Moreover, conservative voters distrust the conservative establishment — variously defined — almost as much as they distrust the liberal establishment (that's why David Brooks, the notoriously moderate New York Times columnist, leveled the most vicious charge he could against Gingrich: He touted their similarities!)

Also, Gingrich benefits enormously by being the last obvious "not-Romney" candidate. Michele Bachmann, Rick Perry and Cain were all well to Gingrich's right, and many voters assume that Gingrich is being attacked for the same reason that his not-Romney predecessors were.

But the stop-Newt forces are not synonymous with the stop-Bachmann/Perry forces. The conservative establishment knows Gingrich, or at least thinks it does. The insiders worry that Bachmann and Perry aren't smart enough or can't beat President Obama. The stop-Newters have no doubts about how smart Gingrich is.

As to whether he can beat Obama, opinions vary. But many feel that a Gingrich victory might be scarier than a GOP defeat. Gingrich's defenders say such fear is a compliment because it shows that he's a "change agent" threatening the status quo.

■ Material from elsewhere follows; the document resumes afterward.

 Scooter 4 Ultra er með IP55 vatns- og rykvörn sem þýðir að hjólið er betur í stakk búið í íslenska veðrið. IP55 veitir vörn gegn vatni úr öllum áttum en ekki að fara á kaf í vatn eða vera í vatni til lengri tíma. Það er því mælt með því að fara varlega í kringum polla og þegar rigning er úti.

They have a point. Inside D.C., it sounds very strange to say that Gingrich is an "outsider." Gingrich has eaten from just about every trough imaginable inside the Beltway. And yet, he's always been very clear that he wants to ("fundamentally," "historically," "categorically" and "radically") overturn the existing order. Some critics always thought, plausibly, that such pronouncements were part of his act or a sign of his megalomania.

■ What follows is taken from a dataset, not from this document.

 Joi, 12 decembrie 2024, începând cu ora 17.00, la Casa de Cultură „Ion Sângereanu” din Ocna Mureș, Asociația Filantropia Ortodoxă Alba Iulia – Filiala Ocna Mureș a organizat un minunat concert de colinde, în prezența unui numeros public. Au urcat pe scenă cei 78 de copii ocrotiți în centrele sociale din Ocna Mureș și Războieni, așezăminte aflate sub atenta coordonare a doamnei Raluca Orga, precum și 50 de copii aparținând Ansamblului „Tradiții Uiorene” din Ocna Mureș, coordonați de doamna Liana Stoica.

But there's another possibility: It's true. Moreover, the times may be ripe for precisely the sort of vexing, vainglorious and all-too-human revolutionary Gingrich claims to be. That's the argument a few people have been wrestling with. Gingrich, after all, is the only candidate to actually move the government rightward. While getting wealthy off the old order, he's been plotting for decades how to get rid of it. To paraphrase Lenin, perhaps the K Streeters paid Gingrich to build the gallows he will hang them on?

That remains a stretch. Mitt Romney is still the sensible choice if you believe these are rough, but generally sensible, times. If, however, you think these are crazy and extraordinary times, then perhaps they call for a crazy, extraordinary — very high-risk, very high-reward — figure like Gingrich.

This helps explain why Newtzilla is so formidable. In order to stop him, you need to explain to very anxious GOP voters that the times don't require him.

That pretty much sums it up. As I see it, these are indeed "crazy times," and I think Newt the man for the moment.